# Technical Document Extraction: Model Accuracy vs. Generation Budget
## 1. Image Overview
This image is a line graph comparing the performance (Accuracy) of different inference-time scaling methods against a computational budget (number of model generations). The chart specifically evaluates these methods using the **Llama-3.1-8B-Instruct** model as a base, while providing horizontal baselines for other models.
---
## 2. Component Isolation
### A. Header / Baselines (Top & Middle Regions)
The chart contains four horizontal black dotted lines representing "0-shot CoT (Greedy)" performance for various models. These serve as static benchmarks.
| Model | Approximate Accuracy |
| :--- | :--- |
| GPT-4o | 0.76 |
| Llama-3.1-70B-Instruct | 0.66 |
| Llama-3.1-8B-Instruct | 0.42 |
| Llama-3.2-1B-Instruct | 0.225 |
### B. Main Chart Area (Data Series)
The x-axis is logarithmic (base 2), and the y-axis is linear. There are three primary data series plotted.
#### Legend
* **Red Line with Diamond Markers**: `Weighted BoN (Llama-3.1-8B-Instruct)`
* **Blue Line with Square Markers**: `Ours-Particle Filtering (Llama-3.1-8B-Instruct)`
* **Purple Line with Diamond Markers**: `DVTS (Llama-3.1-8B-Instruct)`
* **Black Dotted Line**: `0-shot CoT (Greedy)` (Reference for the baselines mentioned in section A).
---
## 3. Trend Verification and Data Extraction
### Series 1: Ours-Particle Filtering (Blue Square)
* **Trend**: This is the highest-performing method. It shows a steep logarithmic growth from $2^0$ to $2^4$, then begins to plateau as it approaches the GPT-4o baseline.

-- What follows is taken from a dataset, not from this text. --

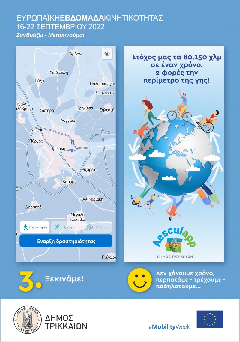 Το απόγευμα της τρίτης 20 Σεπτεμβρίου 2022, ακριβώς κάτω από το άγαλμα του Ασκληπιού στην ομώνυμη πεζογέφυρα των Τρικάλων, ο Δήμαρχος Τρικκαίων Δημήτρης Παπαστεργίου παρουσίασε την εφαρμογή. Και, όπως τόνισε, πρόκειται για “συνένωση δυνάμεων για καλό σκοπό, για την υγεία μας”. Εξάλλου, σημείωσε, “αν δεν μετρήσεις κάτι, δεν μπορείς να το βελτιώσεις” και στο πλαίσιο αυτό, μετρώνται τα χιλιόμετρα που θα κάνουν οι τρικαλινοί/ες με το ποδήλατο ή πεζή. Επιπλέον, κάθε πολίτης που θα “κατεβάζει” και θα χρησιμοποιεί την εφαρμογή, όχι μόνο θα βλέπει και θα ξέρει την καθημερινή του πρόοδο (σε τρέξιμο, απλό περπάτημα και ποδηλασία), αλλά και θα διαπιστώνει πόσες θερμίδες ξόδεψε. Μάλιστα, όπως επεσήμανε ο κ. Παπαστεργίου, στόχος είναι “του χρόνου τέτοια ημέρα, να έχουμε καταγράψει 80.150 χλμ., δηλαδή δύο φορές τον γύρο της γης!”.

* **Data Points (Approximate):**
* $2^0$ (1): 0.41
* $2^1$ (2): 0.52
* $2^2$ (4): 0.62
* $2^3$ (8): 0.69
* $2^4$ (16): 0.72
* $2^5$ (32): 0.74
* $2^6$ (64): 0.745
* $2^7$ (128): 0.75
### Series 2: DVTS (Purple Diamond)
* **Trend**: This series starts at a higher budget ($2^2$). It shows a steady upward slope, consistently performing better than Weighted BoN but significantly lower than Particle Filtering. It surpasses the Llama-3.1-70B-Instruct baseline at a budget of $2^6$.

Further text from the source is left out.